It is completely independent of any OS inode/*time information and just
records "build generations" along the dependency graph. Space
complexity is the number of edges plus the number of vertices in your
dependency graph. Time complexity is the number of immediate
dependencies for a given target.

This is all very well for targets created by redo. For originals, that
should not be tracked by size/content but "time", the user needs a tool
to update the original's "build generation" in the redo database,
e.g. redo-touch. So, instead of apenwarr's solution to "touch foo.c" to
force redo to re-run you would do "redo-touch foo.c". This is for the
very, very rare case (i.e. my message logger example) where you want to
trigger a redo run regardless of content. It should not bluntly mark the
original as out-of-date (as redo-always would do), because you may have
other dependant targets that want to use content-based tracking. Also,
this is absolutely fool proof and can never suffer a hash
collision. (E.g. when your original comes from an untrusted source that
tries to craft a hash collision.)

Instead of
redo-ifchanged <deps...>
one could write
redo-ifnewer <deps...>
to mark dependencies time-tracked. It's important to do this from the
caller's side if one wants to have the ability to depend on it in either
mode from different targets. Drawback is that time-tracked and
content-tracked dependencies are build sequentially. Using "redo-timed"
on the dependency's side (i.e. a weaker version of "redo-always") would
render this a non-issue but would fix all downstream callers to use
time-based decision making (just like with redo-always, actually).

I would like to hear your thoughts on this! I am still convinced that
for practicality we want both modes of dependency tracking. I know that
I use that regularly for interactive development, and it is very
convenient to have.

–Michael

Sergey Matveev

unread,

Jan 13, 2021, 4:23:39 PM1/13/21

to redo...@googlegroups.com

*** Michael Raitza [2021-01-13 19:41]:

>If the file size of your dependency changed, the target is OOD. There
>is no lying about that.

Fully agree. Size check is cheap (free) and always OOD if it differs.
Good optimization, will certainly add it!

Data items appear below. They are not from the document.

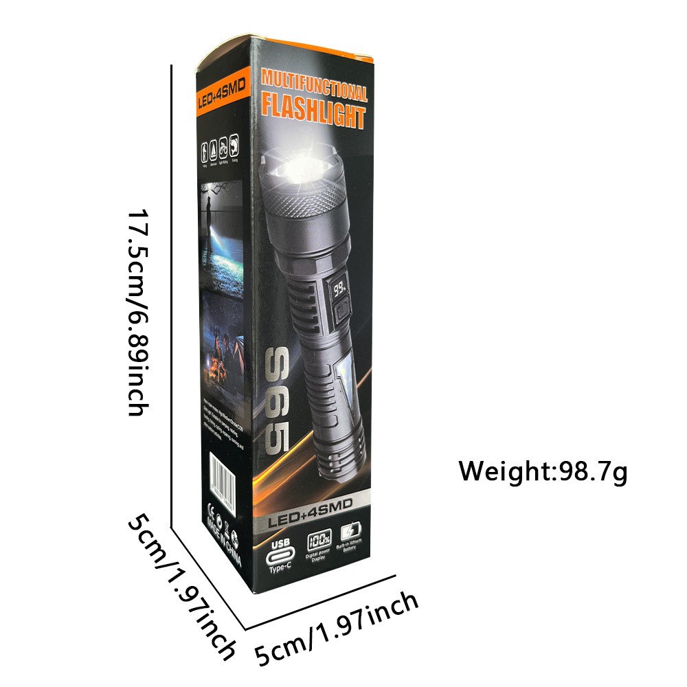 USB 강력한 LED 측면 조명 손전등 야외 장거리 집중 조명 손전등 디지털 디스플레이 가정용 충전식 광학 줌
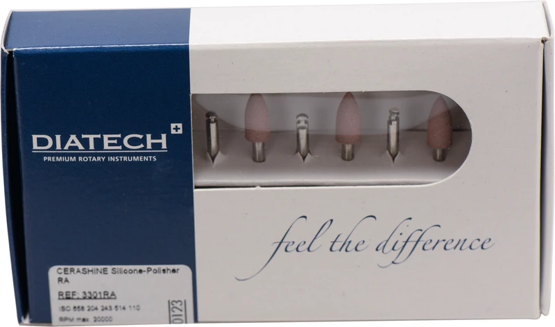 DIATECH Silikonpolierer mit Diamant sind beständig und eher abrasiv, weshalb sie für die Bearbeitung von Materialien mit höherer Endhärte empfohlen werden.
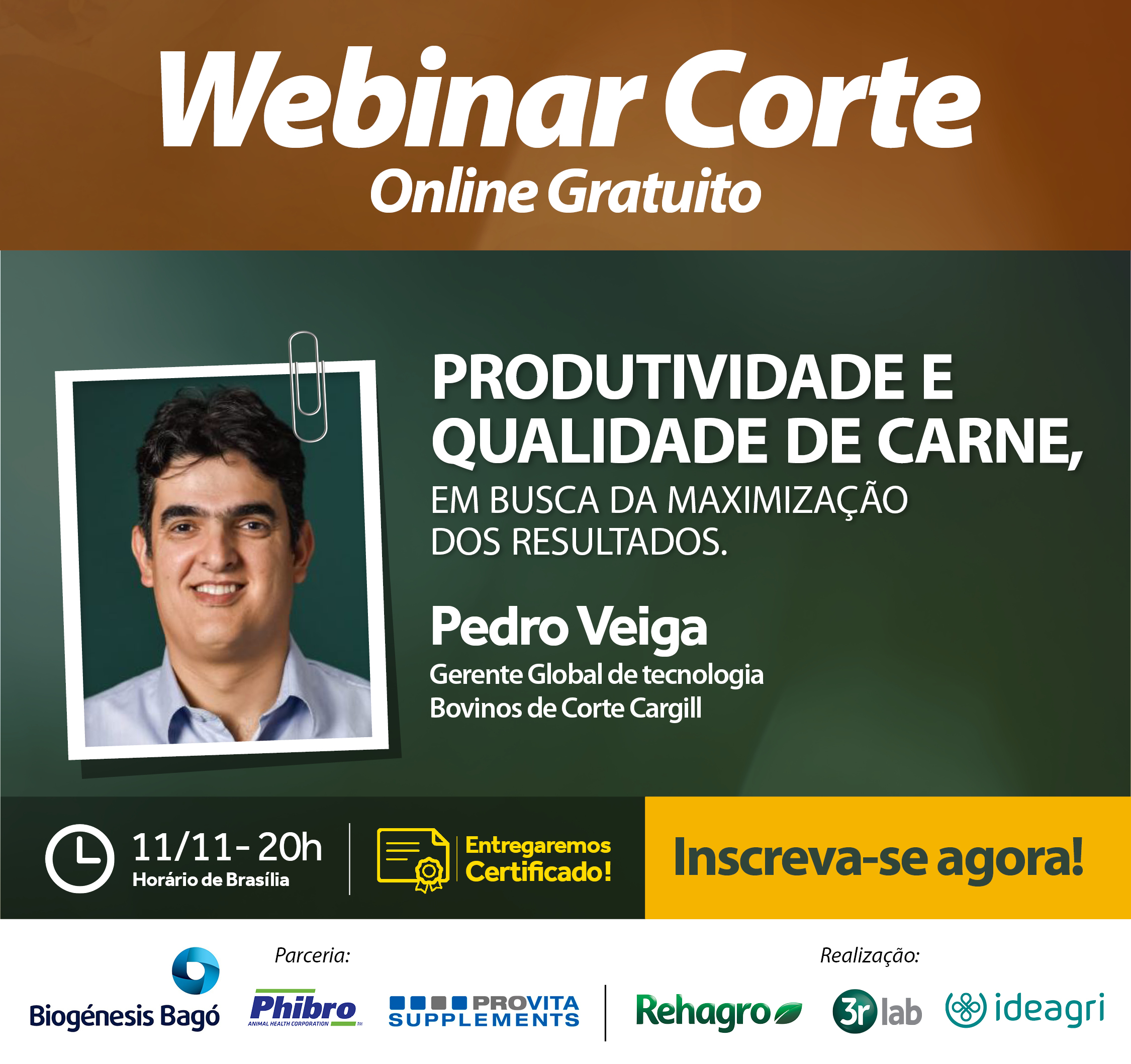 Em 2019, fizemos a transmissão de um Webinar Corte sobre produtividade e qualidade de carne, em busca da maximização dos resultados. O palestrante foi Pedro Veiga, Gerente Global de tecnologia Bovinos de Corte Cargill.
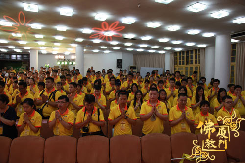 明光大和尚以释迦牟尼佛、玄奘大师为利益众生青年入道为例鼓励青年们要有不达目的绝不终止,这种马直地的精神。台湾新北市佛教会理事长明空法师,台湾童军会代表郭廷铭,厦门市青年联合会主席分别先后致辞。
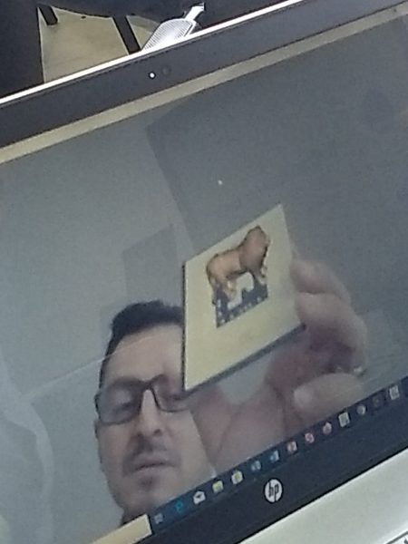 Fig. 3. Escaneo con la cámara web del computador sobre el marcador que muestra un león en 3D con Realidad aumentada (WVILLOTA, 2021)
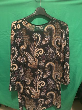Vestito con fantasia paisley su fondo nero. - Maniche lunghe. - Scollo rotondo.
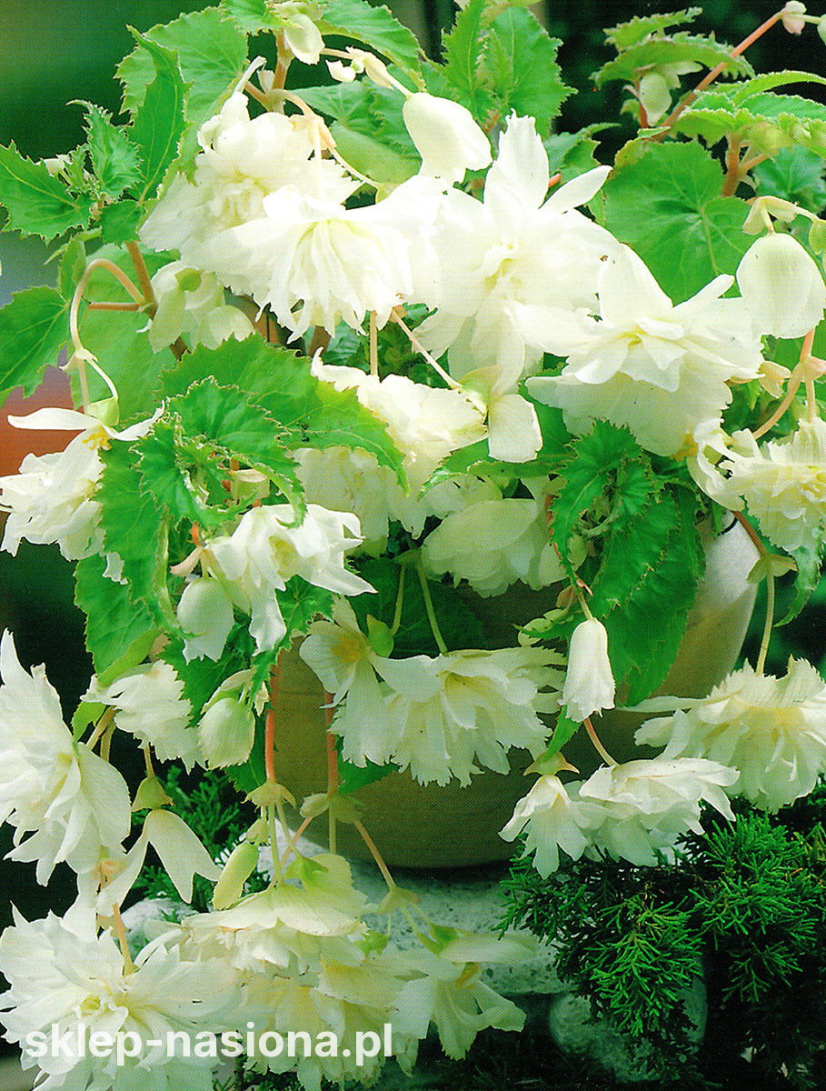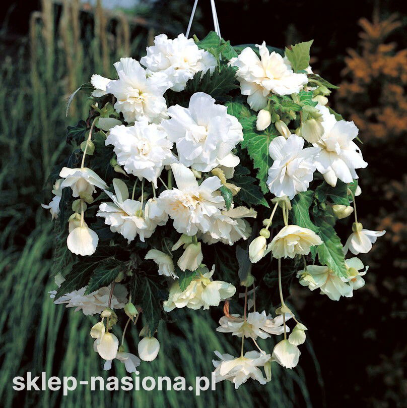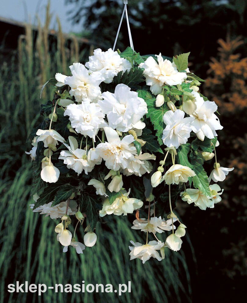 Kolor kwiatów: Nasz sklep ma w ofercie begonie zwisające o białym kolorze kwiatów.
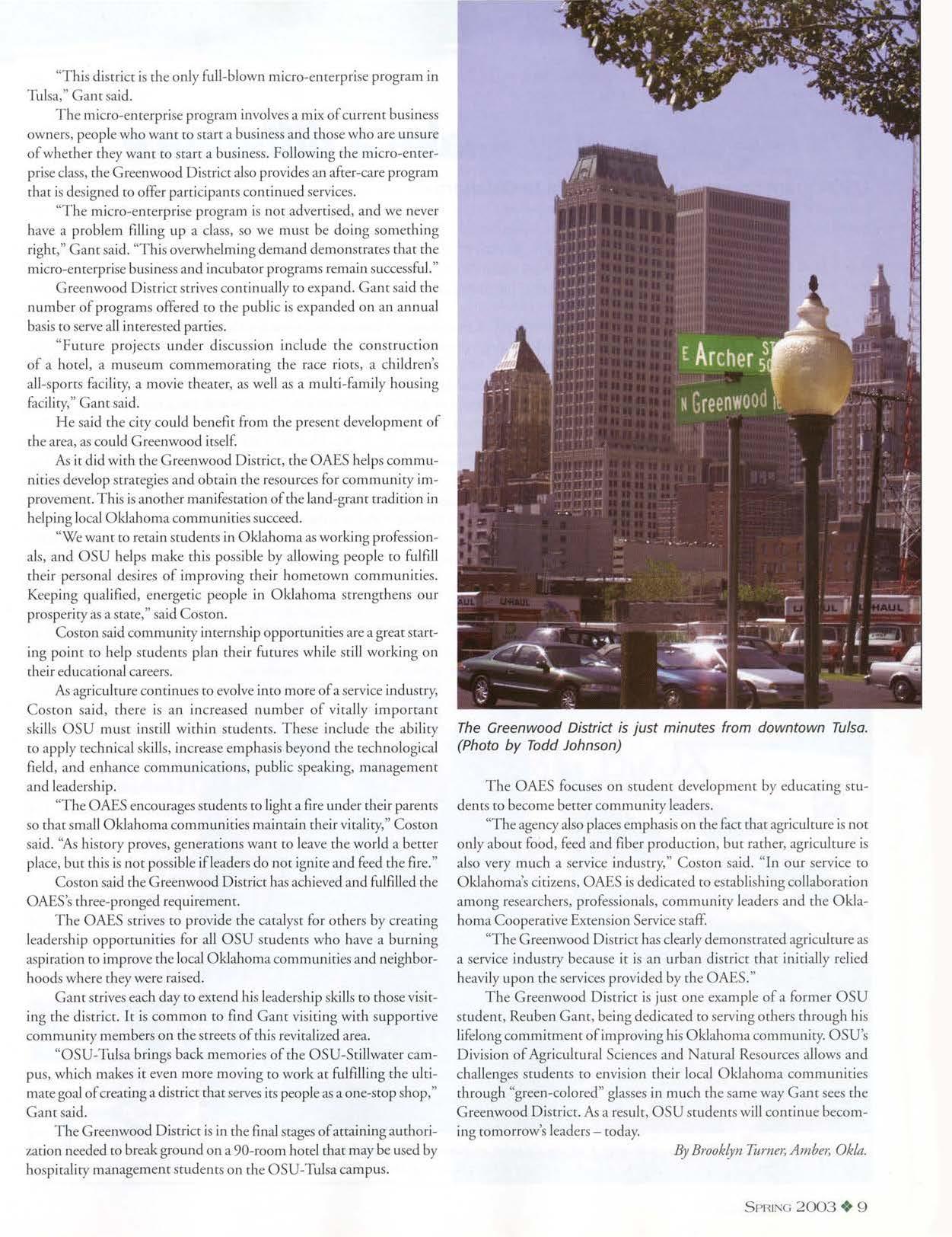 As it did wirh the Greenwood District, rhe OAES helps communiries develop strategies and obtain rhe resources for community improvement. This is another manifestation of the land-grant tradition in helping local Oklahoma communities succeed.
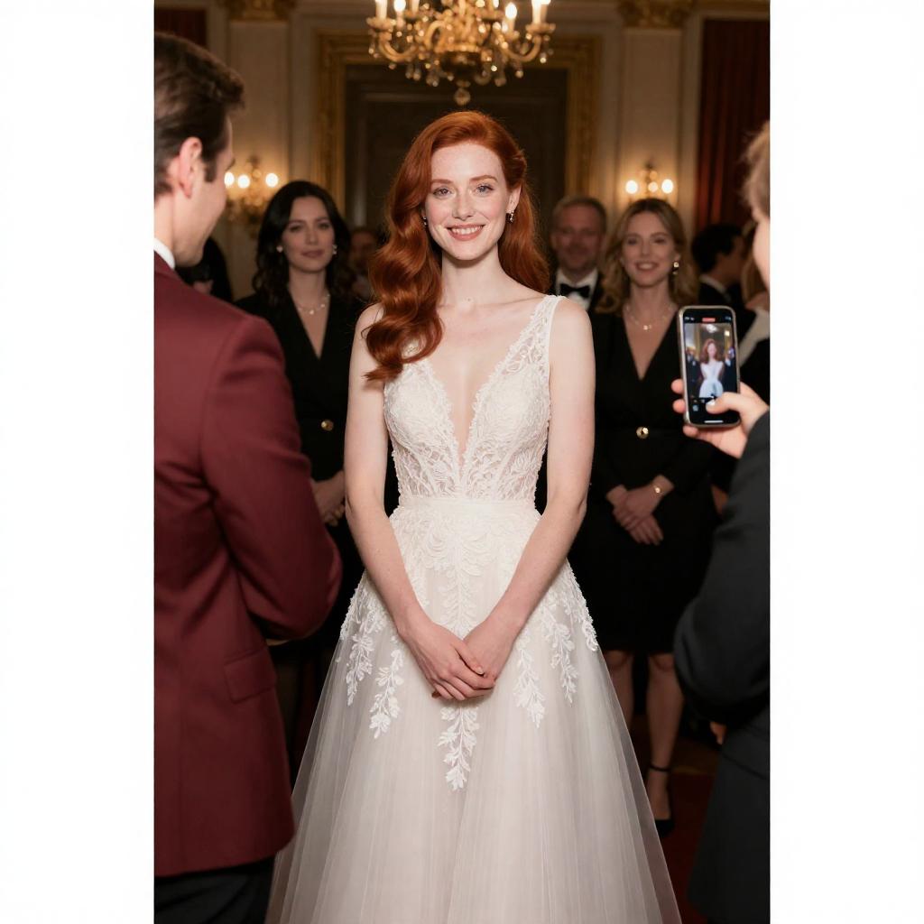 Photograph of a fair-skinned woman with red hair in an elegant updo, wearing a light blue off-shoulder dress with white lace trim and a black choker necklace. She has light blue eyes and a slight smile. Blurred green foliage in the background. Partial view of another person on the left. Natural light.
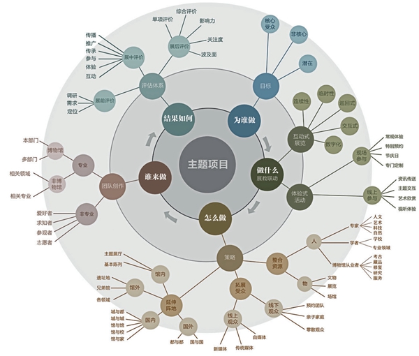 一个好的展览评估体系有助于衡量博物馆教育的效果。展览评估体系不只是对展览后的评估,而是包括展览前的调研、展览中的执行、展览后的评估在内的一个完整体系。这种展览评估体系融入了思维导图的思想,使博物馆教育在确保观众观展的同时,激发他们的探索欲以进行深层次的学习,培养观展者再次走进博物馆的兴趣。
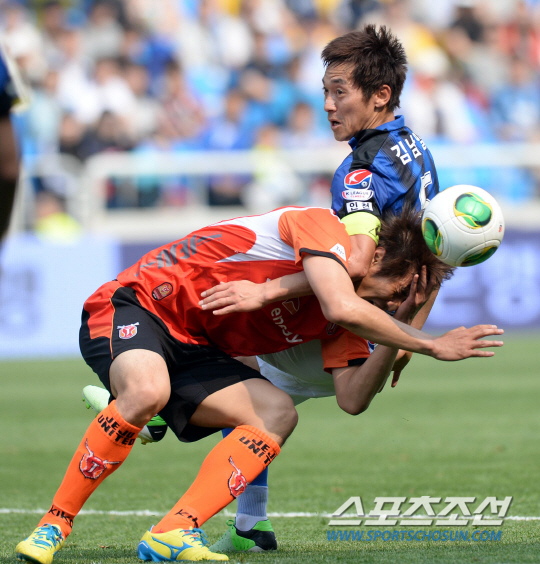인천 유나이티드와 제주 유나이티드의 2013 K리그 클래식 11라운드 경기가 12일 인천축구전용경기장에서 열렸다. 인천 김남일과 제주 박기동이 볼을 다투고 있다. 인천=허상욱 기자 wook@sportschosun.com/2013.05.12/
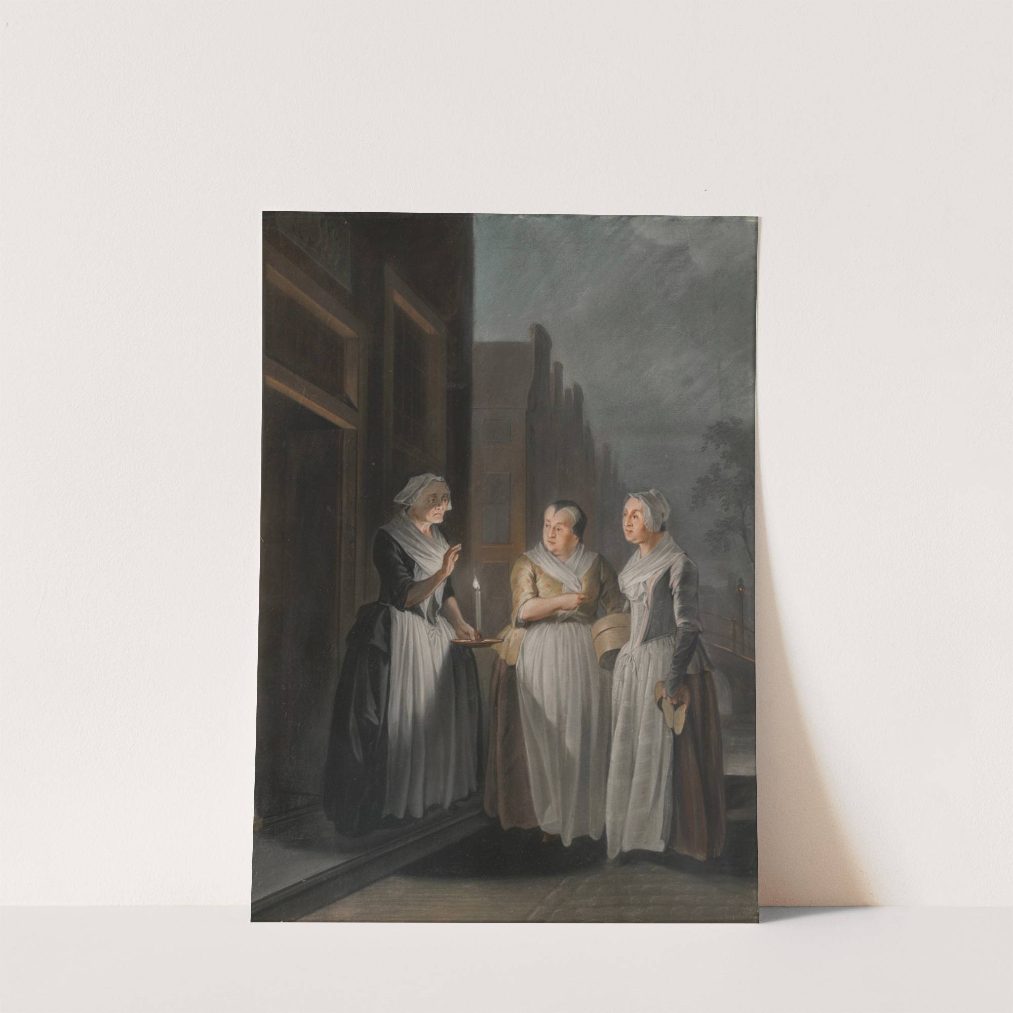 Three women talking at night in a Dutch city, one holding a candle by Jacobus Buys - Wall Art Print
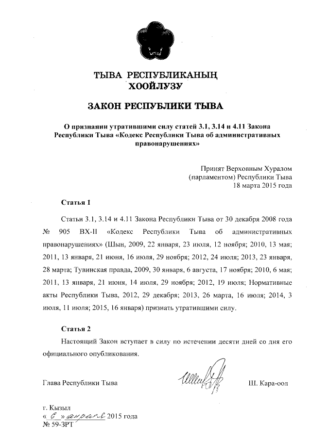 Закон Республики Тыва от 06.04.2015 № 59-ЗРТ
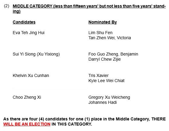Me: "So, for the upcoming Law Soc council elections, I told you² that I put in a nomination form right? Well, nominations have closed. And there are 4 candidates for a single middle-category slot. So there will be voting."

>> But checksums are the only thing that are guaranteed to make
>> deterministic decisions without errors.
>
>I am sorry to be blunt, but this statement is plain wrong. All hash
>functions collide and you must always provide a means to resolve such
>collisions.

From pure mathematical point of view you are right that collisions are
possible. But from practical point of view, with *cryptographic*
collision-resistant functions of enough long digest output, that
probability is so low, that I can neither agree with you, nor imagine
even single possible event of collision during my life. Currently none
of popular cryptographic hashes with *at least* 256-bit output were
"broken" to be able to make a collision. goredo uses 256-bit BLAKE3
output -- enough to forget about practical collisions probability.

I really can not accept any argument of possible hash collision, even
over the data that adversary sends me. Cryptography (encryption,
hashing at least) is all about providing solutions that has some
security probability tradeoff with practical usability. One-time pad is
perfectly secure, but hardly can used in practice (except for military).
RC4 is not secure, but good (not CPU hungry) for obfuscation purposes.
3DES is secure enough for most tasks, but slow. AES/Salsa20 are both
fast and secure (probability to their (known) breakage is too
negligible) and that is why used so much. Negligible probability equals
to zero to me in practice. Seriously, I will likely expect to see broken
"size" of the file in the OS (easily!), than practical hash collision of
long enough digest.

>Now we must (in my opinion) give the user the means to choose between two modes:

>[...]

>Regarding "time", I have a modified suggestion to you:

>[...]

>This is all very well for targets created by redo. For originals, that
>should not be tracked by size/content but "time", the user needs a tool
>to update the original's "build generation" in the redo database

I fill I fully understand your suggestion. So basically (however you
already described it easy and good enough :-)):

* you separate targets on two kinds: redo-created targets
* and "originals" (I call them "sources", let's call them redo-originals)
* you consider that "time" tracking (you variant of counter in the
database/state) of redo-created targets is enough
* but one must also have a way to "touch" redo-originals (obviously)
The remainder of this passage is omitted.